- _Try it_
In the records below, reproduce exactly the lines from the one containing "不知不觉,夜幕降临,夜幕下的大明湖,湖岸线的灯光还可以再增加一些!" through the one containing "This interior photograph", both included, and omit the pictures.

Collected data:

● ● ● ● ●

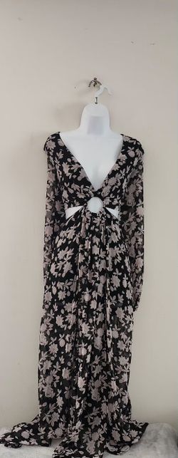 Bebe Floral Print Deep V-neck Sheer Long-Sleeve Maxi Dress in Size L Color: Black/ Pink $65Newark, DE
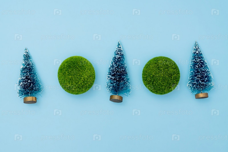 Мини-елки и зеленые шары на синем фоне. Концепция праздника Рождества и Нового года. зимний праздничный сезон. плоская кладка. копировать пространство
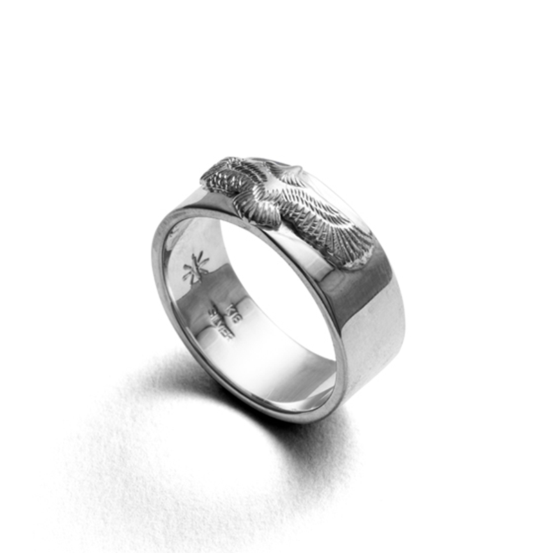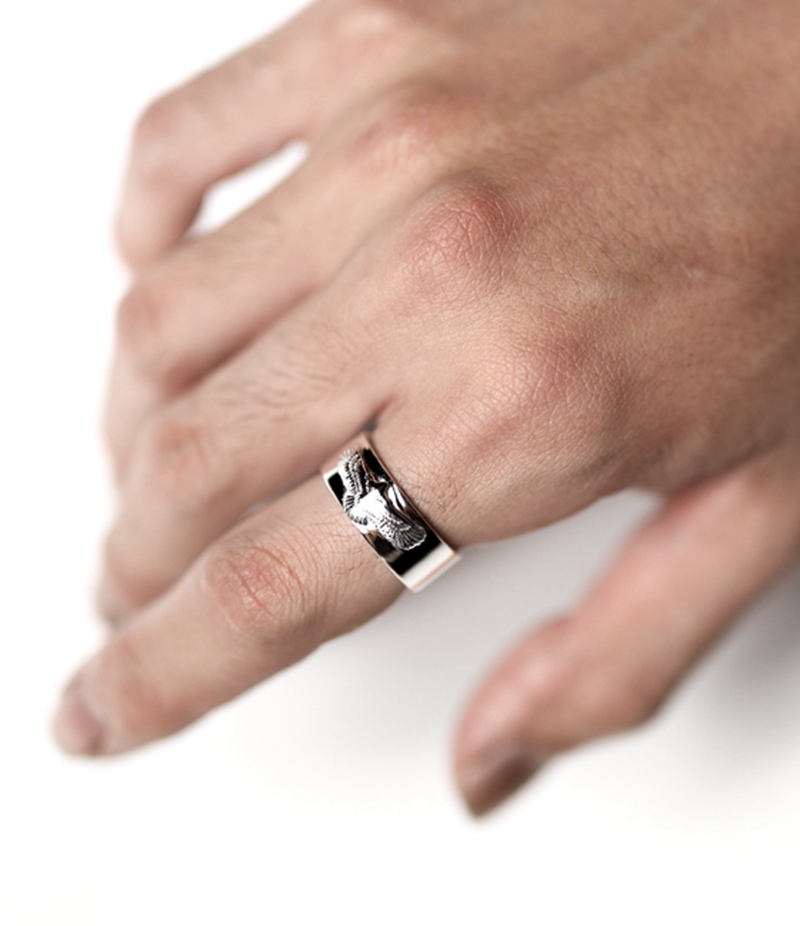 Japanese agent GOD SUNS February limit 925 silver 18 k gold head silver eagle flat ring
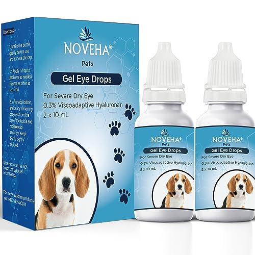NOVEHA Pet Gel Eye Drops with 0.3% Viscoadaptive Hyaluronan | Eye Solution for Severe Dry Eyes – Long Lasting Hydration, Reduces Nuisance, Swelling & Dryness – Eye Lube for Dogs and Cats (2x10mL)
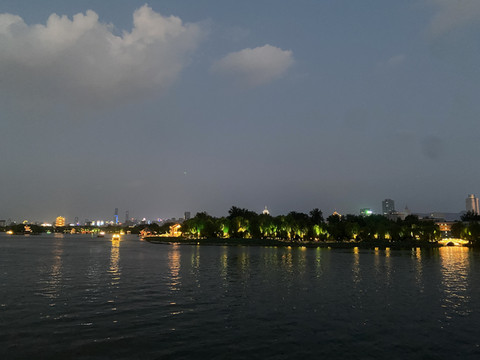 不知不觉,夜幕降临,夜幕下的大明湖,湖岸线的灯光还可以再增加一些!
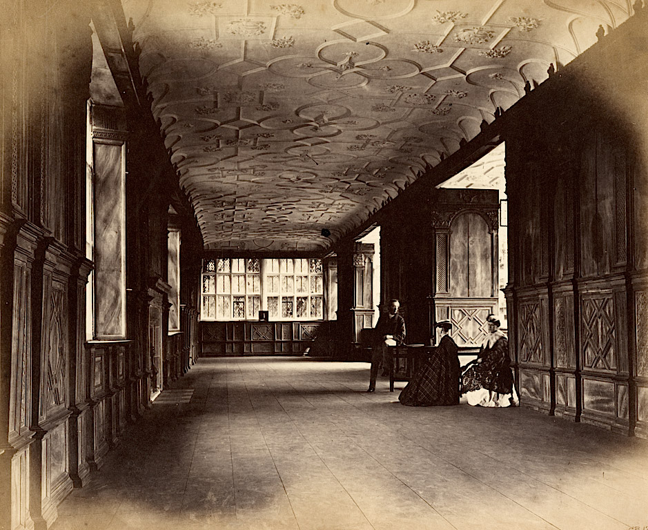 This interior photograph of the Long Gallery at Haddon Hall shows three individuals, perhaps visitors, since they are wearing coats and hats. Interior photography required long exposure times and was tedious for the subjects who had to sit entirely still in order not to appear blurred. Early portrait photographers often used head rests keep the sitters’ heads imobilized. Here, the visitors were fairly successful holding their poses; only their faces are a bit blury.
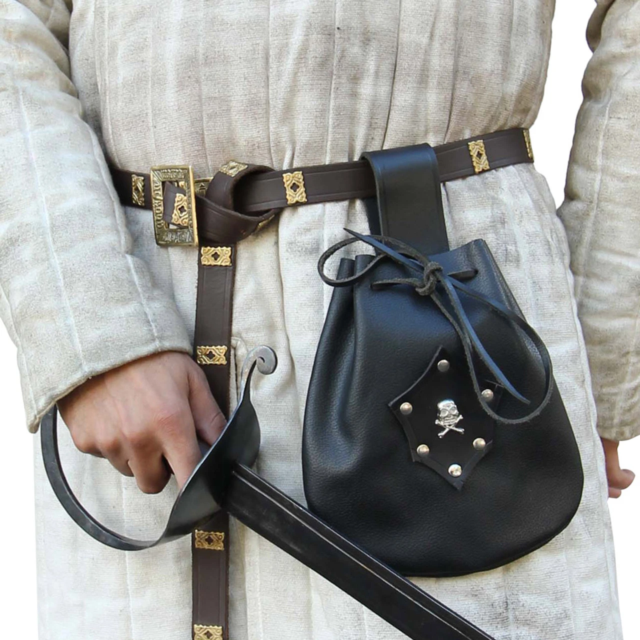 Sometimes being a marauder is a tough job. Always at sea and roaming from port to port; just seems like you are always on the go. Besides your sword and the clothes on your back you have very few belongs but how to keep them with you at all times? Maybe you should try the Leather Sea Rover Pirate Handmade Pouch. It is constructed completely out of leather and handmade. The belt loop can fit a large pirate belt or sash and there is an awesome yet fearsome Jolly Roger emblem on the front. I mean as a Pirate you have to mark all your belongings with a Jolly Roger so everyone will know you are a rough and dangerous scallywag. Actually, come to think of it this pouch may be too good for a Pirate. I mean it is hand sewn with steel studs and a decorative emblem. Yeah, too good but whos to say Pirates cant have nice things. So if you are a Pirate who fancies the finer things in life the Leather Sea Rover Pirate Handmade Pouch is just the pouch for you.
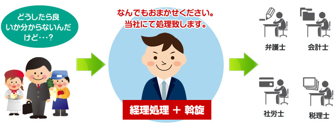 必要なときだけ経理担当者の代わりをするので、経理事務の時間コスト・教育コスト等の削減・人件費削減・経費削減が可能です。 簿記の知識をもった当社スタッフが経理処理を行います。 お客さまの現状を生かしつつ、より効率的で確実性の高い方法をご提案し運用コストを抑えます。
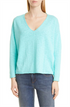 Eileen Fisher Women's V Neck Organic Linen & Cotton Sweater Blue Size Medium
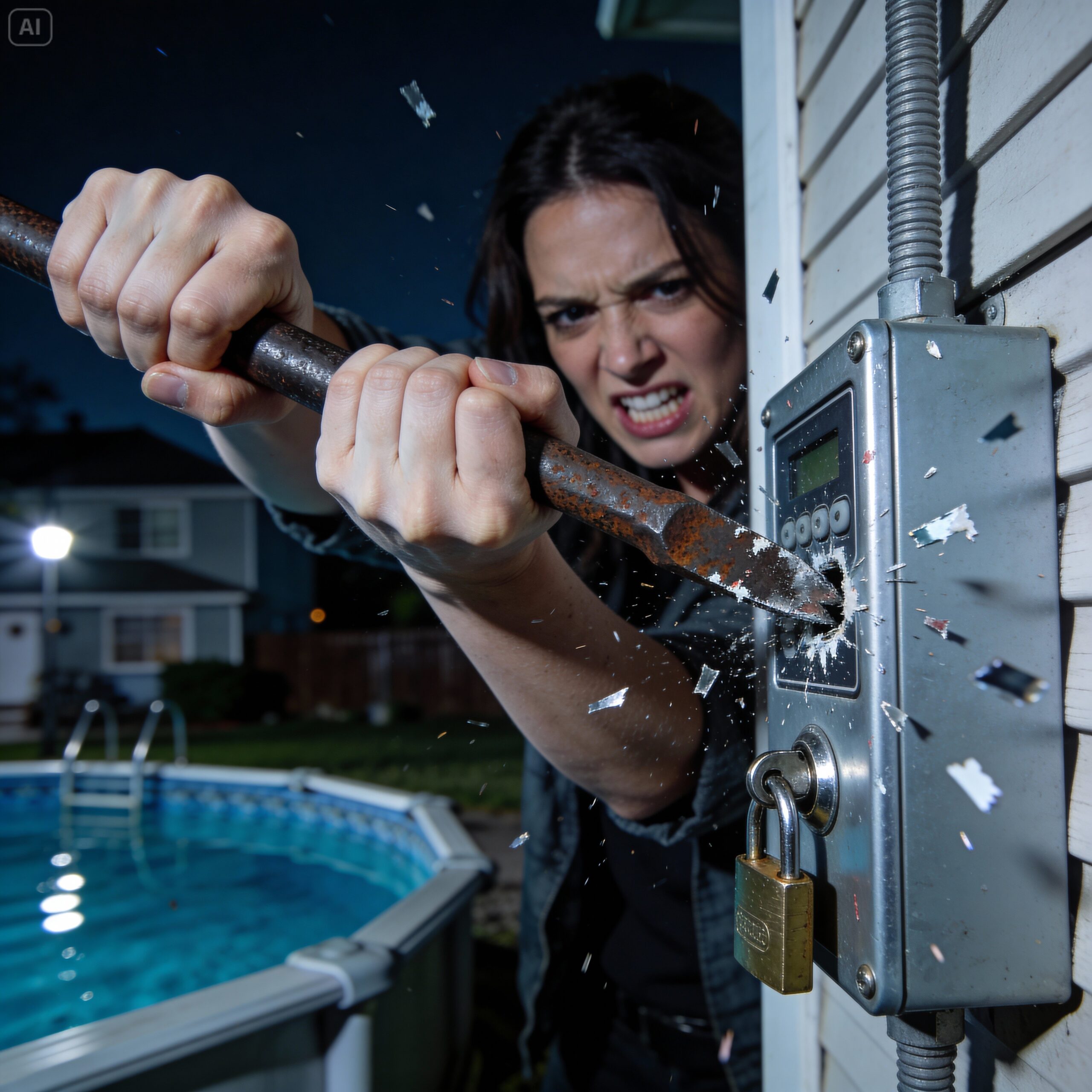 Karen emerged from the shadows of her own yard. She looked left and right, then walked confidently onto our patio. She had the crowbar again. It took her almost ten minutes of grunting and straining, the screech of metal on metal echoing faintly, but she finally broke the lock. With a triumphant groan, she keyed in the code and the pool cover began its slow, whirring retraction, revealing the shimmering, moonlit water.

● ● ● ● ●

- _Written response_
 不知不觉,夜幕降临,夜幕下的大明湖,湖岸线的灯光还可以再增加一些!
 This interior photograph of the Long Gallery at Haddon Hall shows three individuals, perhaps visitors, since they are wearing coats and hats. Interior photography required long exposure times and was tedious for the subjects who had to sit entirely still in order not to appear blurred. Early portrait photographers often used head rests keep the sitters’ heads imobilized. Here, the visitors were fairly successful holding their poses; only their faces are a bit blury.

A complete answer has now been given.